Il le congédia sur ces paroles menaçantes et Clipton fut conduit devant le prisonnier. Il fut d’abord bouleversé et épouvanté par la condition à laquelle son chef était réduit et par la dégradation physique que son organisme avait subie en si peu de temps. Le son de la voix, à peine perceptible, semblait un écho lointain et étouffé des accents autoritaires que le médecin avait encore dans l’oreille. Mais ce n’étaient là que des apparences. L’esprit du colonel Nicholson n’avait éprouvé aucune métamorphose, et les paroles qu’il prononçait étaient toujours les mêmes, quoique émises sur un timbre différent. Clipton, décidé en entrant à le persuader de céder, se rendit compte qu’il n’avait aucune chance de le convaincre. Il épuisa rapidement les arguments préparés, puis resta court. Le colonel ne discuta même pas et dit simplement :

« Faites part aux autres de ma volonté absolue. En aucune circonstance, je ne puis tolérer qu’un officier de mon régiment travaille comme un manœuvre. »
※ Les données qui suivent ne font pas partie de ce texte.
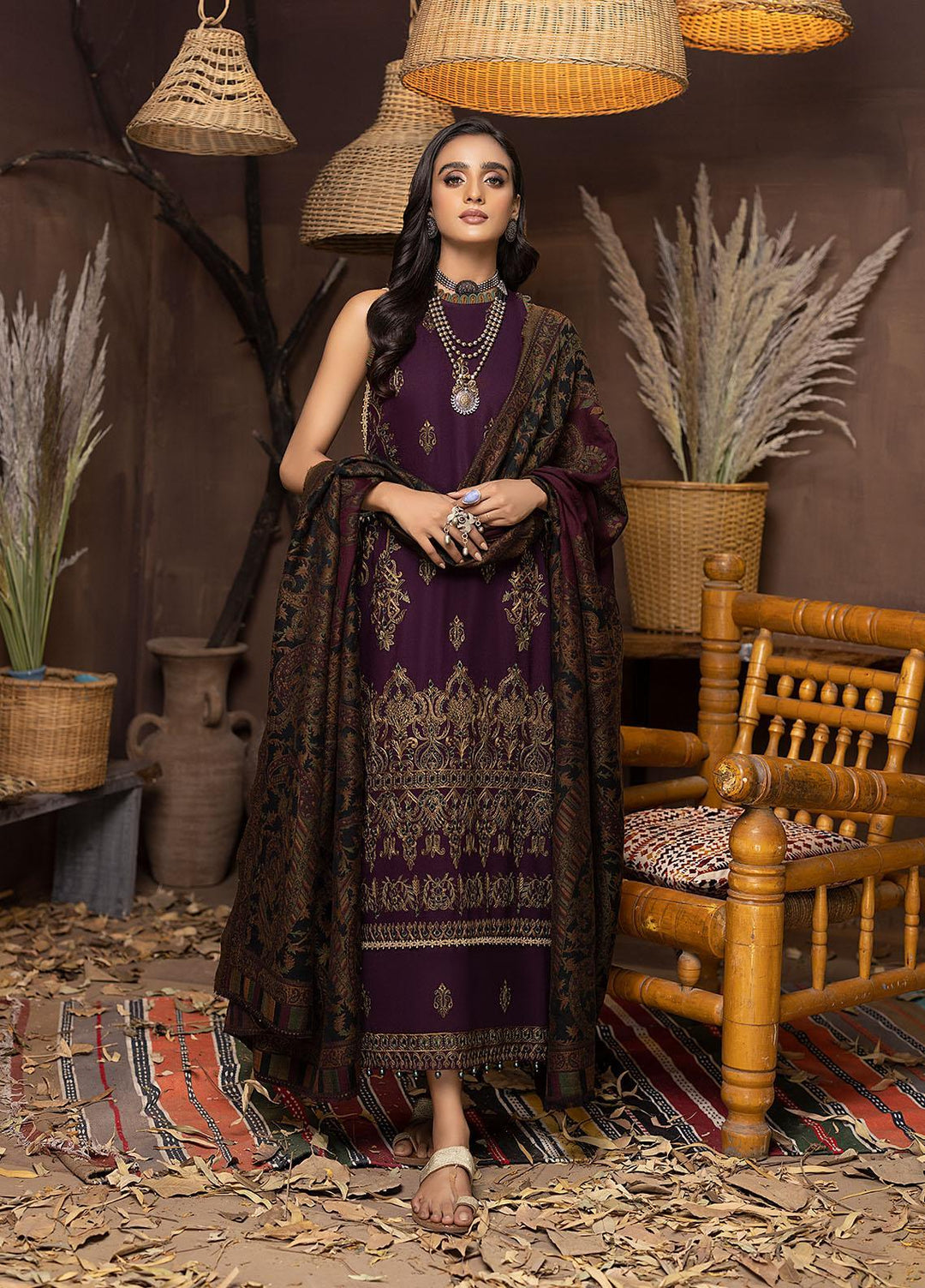 Dastaan By Humdum Embroidered Viscose Suits Unstitched 3 Piece HD22D 02 - Winter Collection
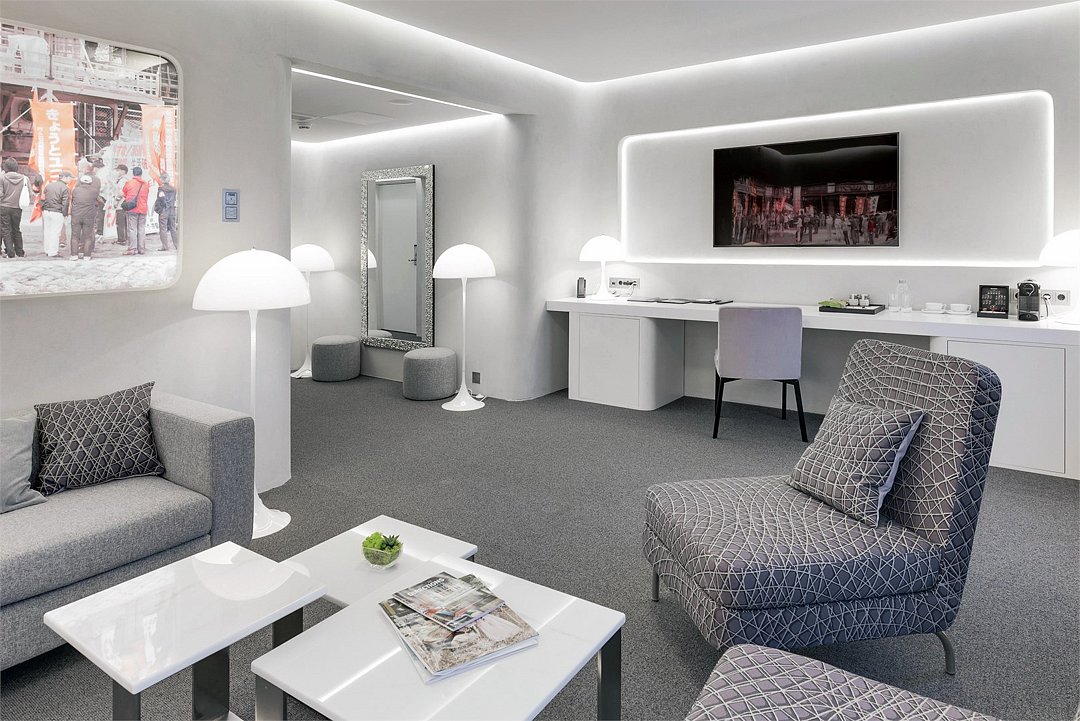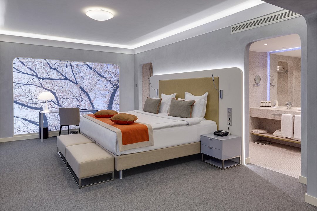 телевизор, спутниковое телевидение, Wi-Fi, IP-телефон, кондиционер, система климат-контроля, светильник, фен, весы, система безопасности, электронные замки, кофемашина, ванная комната, ванна или душевая кабина, биде, банные принадлежности, халаты, тапочки, кровать «King size», шкаф для одежды, вешалки, журнальный столик, письменный стол, багажная тумба, зеркало, эксклюзивная мебель, мини-бар, письменные принадлежности, чайный набор, обслуживание номеров, информационная карта, меню, сейф, унитаз, мягкая мебель, косметическое зеркало, вид на город, центральное кондиционирование, высокие потолки, меню подушек, кофейный столик, стул, туалетные средства, туалет, панорамные окна, мини-холодильник, номер для некурящих, электронный консьерж 24/7, средства индивидуальной защиты, фитнес-зона, туалетные принадлежности премиум-класса, бутилированная вода, можно с питомцамиВ гостиничном номере
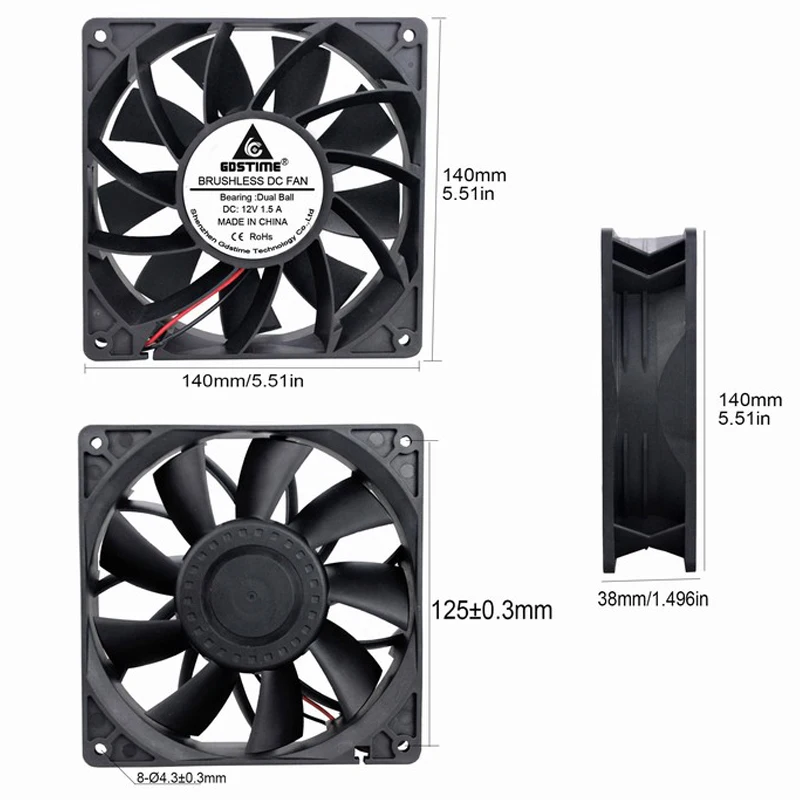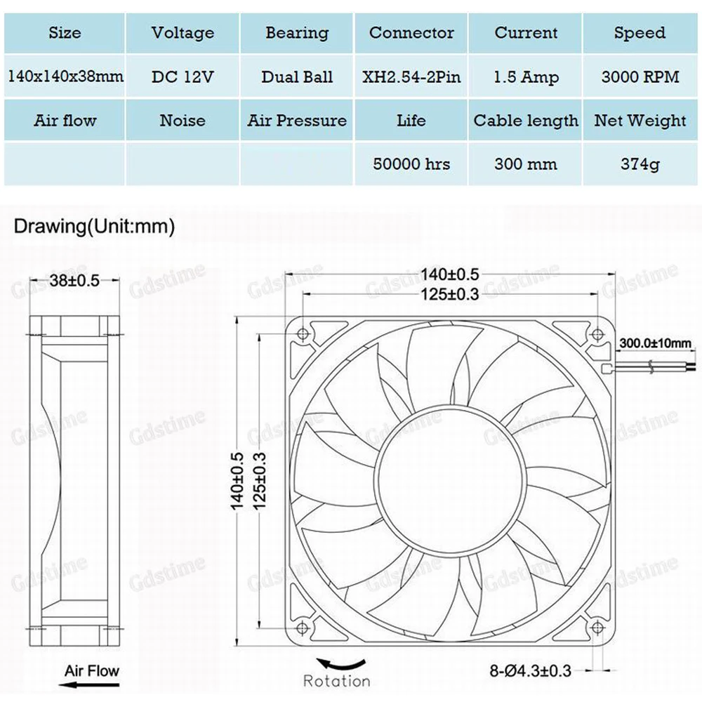 Gdstime 14038 140 мм 12 В постоянного тока 2Pin 14 см 140x140x38 мм...
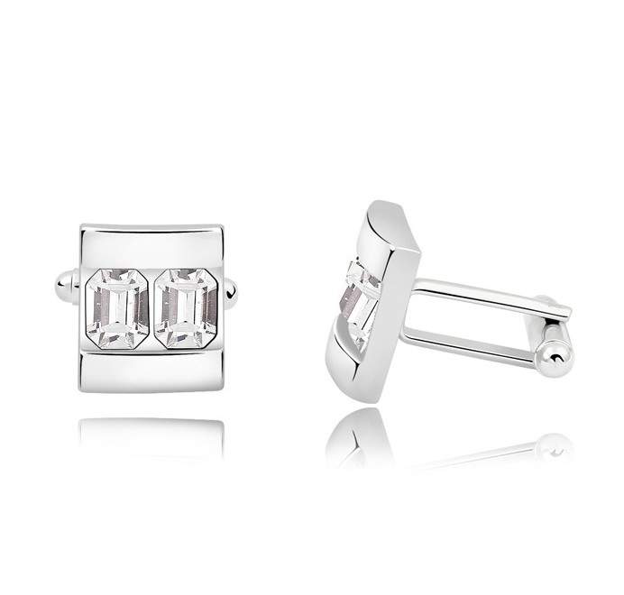 Mancuernillas de acero inoxidable, bañadas en oro blanco de 18 quilates, elegante diseño cuadrado, con incrustaciones de cristales en color blanco corte esmeralda. Fabricado en una estructura en aleación de platino con rodio sin níquel.
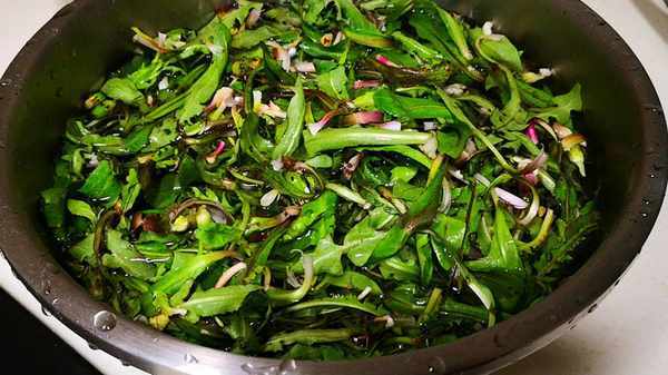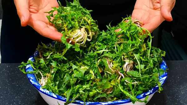 2.蒲公英洗净后将根和叶子分开,蒲公英的根不适合做粥,我们可以单独留着凉拌或蘸酱吃,叶子切细后放入盘中备用。
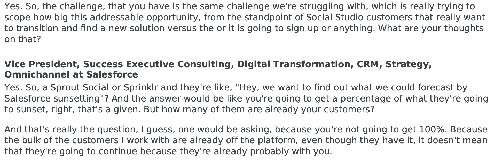 Now, here is an excerpt from a recent expert call with a $10bl EV SaaS company that migrated from Sprout to Sprinklr over the past month.
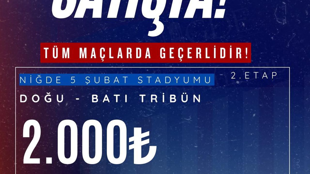 Satışların, Niğde 5 Şubat Stadyumu bilet gişesinden yapıldığı belirtildi. Açıklamada, “Tüm Niğde halkını ve taraftarlarımızı takımımızın yanında olmaya, tribünleri kırmızı lacivert coşkuyla doldurmaya davet ediyoruz.” ifadelerine yer verildi.

Clipton quitta la cellule, partagé une fois encore entre l’admiration et l’exaspération, en proie à une troublante incertitude quant à la conduite de son chef, hésitant à le vénérer comme un héros ou à le considérer comme un effroyable imbécile, se demandant s’il ne serait pas opportun de prier le Seigneur pour qu’il rappelât à Lui le plus tôt possible, en lui accordant l’auréole des martyrs, un fou dangereux dont la conduite risquait d’attirer les pires catastrophes sur le camp de la rivière Kwaï. Saïto avait dit à peu près la vérité. Un traitement à peine plus humain était appliqué aux autres officiers, et la troupe subissait, à chaque instant, les brutalités des gardes. En s’en allant, Clipton songeait aux périls qui menaçaient ses malades.